GoogleImageCrawler not working! #125

Shashwat79802 · 2024-04-11T16:32:18Z

from icrawler.builtin import BingImageCrawler, GoogleImageCrawler

google_crawler = GoogleImageCrawler(storage={'root_dir': './downloads'})
google_crawler.crawl(keyword='gui based tool', max_num=50)

Error:
2024-04-11 21:58:34,449 - INFO - icrawler.crawler - start crawling...
2024-04-11 21:58:34,450 - INFO - icrawler.crawler - starting 1 feeder threads...
2024-04-11 21:58:34,450 - INFO - feeder - thread feeder-001 exit
2024-04-11 21:58:34,451 - INFO - icrawler.crawler - starting 1 parser threads...
2024-04-11 21:58:34,451 - INFO - icrawler.crawler - starting 1 downloader threads...
2024-04-11 21:58:39,452 - INFO - downloader - downloader-001 is waiting for new download tasks
2024-04-11 21:58:43,322 - INFO - parser - parsing result page https://www.google.com/search?q=gui+based+tool&ijn=0&start=0&tbs=&tbm=isch
Exception in thread parser-001:
Traceback (most recent call last):
File "/usr/lib/python3.10/threading.py", line 1016, in _bootstrap_inner
self.run()
File "/usr/lib/python3.10/threading.py", line 953, in run
self._target(*self._args, **self._kwargs)
File "/home/shashwat/Django/SummarEaseMain/Test/.venv/lib/python3.10/site-packages/icrawler/parser.py", line 94, in worker_exec
for task in self.parse(response, **kwargs):
TypeError: 'NoneType' object is not iterable
2024-04-11 21:58:44,453 - INFO - downloader - no more download task for thread downloader-001
2024-04-11 21:58:44,453 - INFO - downloader - thread downloader-001 exit
2024-04-11 21:58:44,462 - INFO - icrawler.crawler - Crawling task done!
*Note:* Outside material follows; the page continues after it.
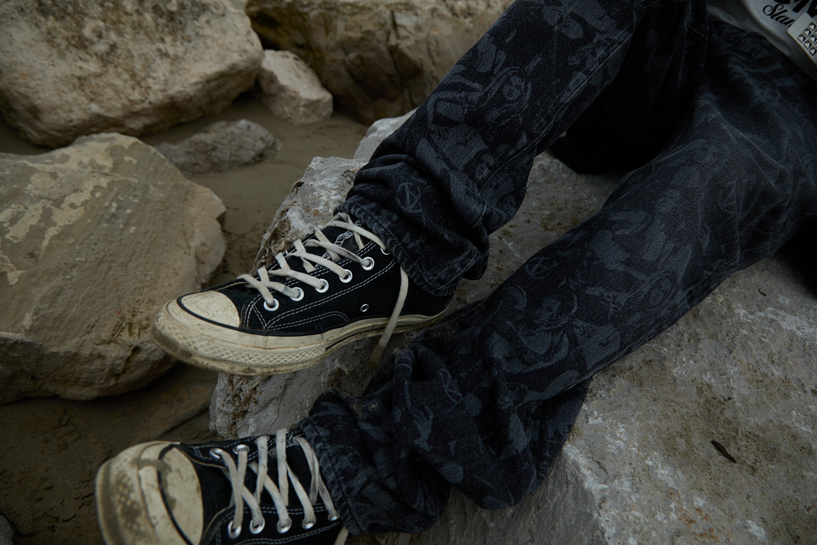 If one were to rifle through the clothes, stylized women would stare right back: covered in punk attire and pins stamped with Slam Jam’s initials, carrying guns while wearing leather jackets. Their portraits are laser-etched across a pair of jeans or printed boldly on shirts and hoodies. These pieces carry graphic nods to retro flyers and fanzines, an homage to the DIY visual grammar that once defined the underground.
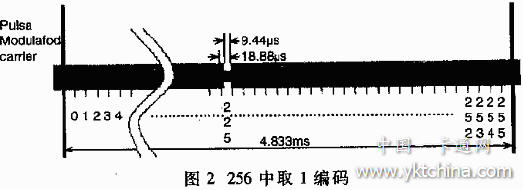 (1)數(shù)據(jù)編碼 從讀寫器到卡的數(shù)據(jù)采用脈沖位置調(diào)制即“1/256”編碼。用256個(gè)時(shí)隙表示8bit數(shù)據(jù),通過控制bit脈沖出現(xiàn)的時(shí)間位置來表示0~255范圍內(nèi)的數(shù)據(jù)。如圖2,在第255個(gè)位置出現(xiàn)的位置脈沖(9.44μs高電平的9.44μs低電平)表示數(shù)據(jù)E1(HEX),采用計(jì)數(shù)器加控制電路即可實(shí)現(xiàn)。控制部分協(xié)助實(shí)現(xiàn)數(shù)據(jù)無縫編碼及形成幀起始位和結(jié)束位,用VHDL設(shè)計(jì)易于實(shí)現(xiàn)。編碼后的數(shù)據(jù)進(jìn)行ASK調(diào)制(13.56MHz載波),經(jīng)天線發(fā)射出去。

Patty-OFurniture · 2024-04-16T02:18:38Z

I've made some fixes in my fork to address this, but since then:

GIS has made changes in the results
Even chromedriver/geckodriver solutions fail the first time now, just retry

Just after I made changes, GIS wouldn't work the first time for iCrawler.

wjdghks950 · 2024-04-24T04:31:50Z

@Patty-OFurniture @Shashwat79802 Any updates on this? I'm trying to make this work; And as @Patty-OFurniture said, when I repeatedly ran the following code for the second time, it suddenly started working. But when I ran the below code for the third time, it just won't work. Any idea what is causing this issue?

google_crawler = GoogleImageCrawler(storage={'root_dir': './downloads'})
google_crawler.crawl(keyword='gui based tool', max_num=50)

thiagorizzo · 2024-05-06T19:33:36Z

Hi! is there any fix for this error yet?

Patty-OFurniture · 2024-05-07T20:12:17Z

chromedriver crawlers seem to have problems as well. The first search doesn't work, but the second try does. It may be setting and looking for a cookie like DuckDuckGo does. chromedriver works well enough for me, for not.

@wjdghks950 What's causing it is: Google changed things. I've been looking through various forks to see if anyone else has fixed this, and I haven't seen one yet.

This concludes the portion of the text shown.